DHS Overwhelmed by Applicants for Humanitarian Parole Program
- The Biden administration announced a new humanitarian parole program earlier this year for nationals of Cuba, Haiti, Venezuela, and Nicaragua. While the program authorizes humanitarian parole for 30,000 applicants per month, since January 2023, DHS has allegedly received more than 1.5 million applicants for the program. Customs and Border Protection (CBP) has released the number of applications processed each month for January through April 2023, as follows:
The published reports for May and June do not include numbers for this program.
- In May 2023, CBP released a statement describing the system put in place to review and approve the large amount of applications – 50% of applications will be processed based on date of filing and 50% will be selected randomly. Many applicants have not received any notice from CBP, indicating an overwhelming backlog.

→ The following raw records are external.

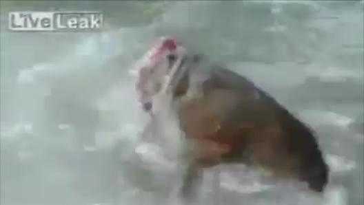 Con cá khổng lồ ngoi lên bờ rỉa mồi trước sự kinh ngạc và sợ hãi của đám đông đang giăng câu.
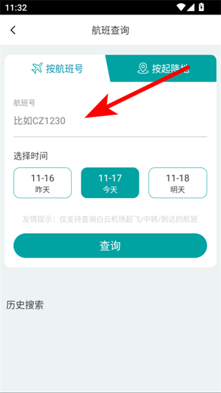 2、進入航班查詢頁面后,選擇按航班號查詢方式,輸入航班號如cz1230。
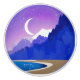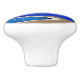 Ceramic knob in a circular illustration of a crescent moon, lake shore, hills and mountain range, in shades of deep blue and violet
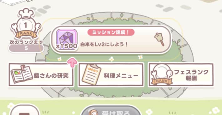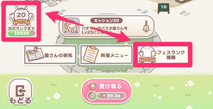 ブースから料理コインを回収する時に、一緒にフェスランクポイントも獲得できます。ランクポイントが貯まるとフェスランクがアップし、料理コインの獲得量が増加します。また、ランクアップ報酬で直接料理コインが貰える場合もあります。
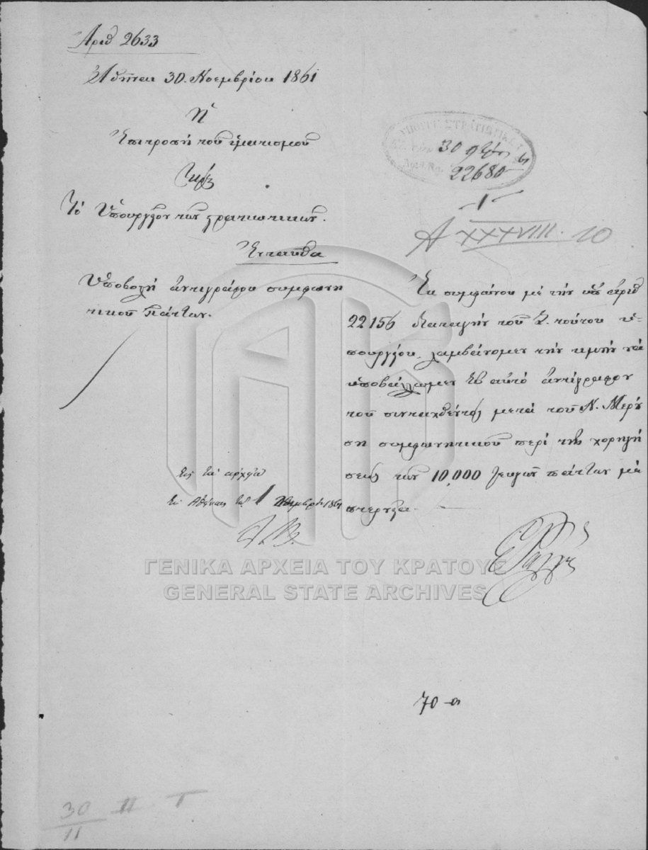File #647 - MILITARY AFFAIRS MINISTRY ARCHIVE (1833-1862).  [1861]
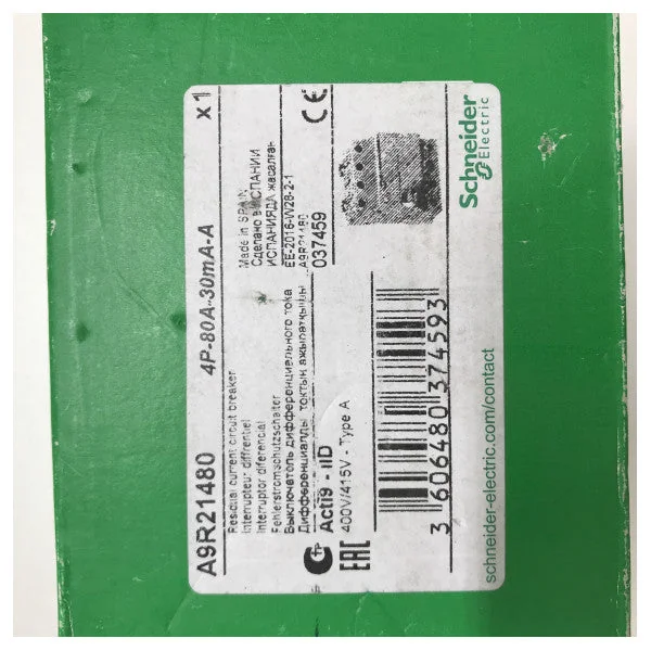 Ensure electrical safety with the Schneider Electric A9R21480 circuit breaker, designed for optimal protection.

- The humanitarian parole program is designed to help individuals fleeing violence and persecution, but the current backlog is hindering its success.
New I-9 Form and the new document inspection procedures
- On Aug. 1, 2023, USCIS implemented updates to the Form I-9, Employment Eligibility Verification. The revised form includes a new alternative document examination procedure, allowing employers enrolled in E-Verify to review copies of identity and employment authorization documents, instead of requiring in-person document inspection and verification.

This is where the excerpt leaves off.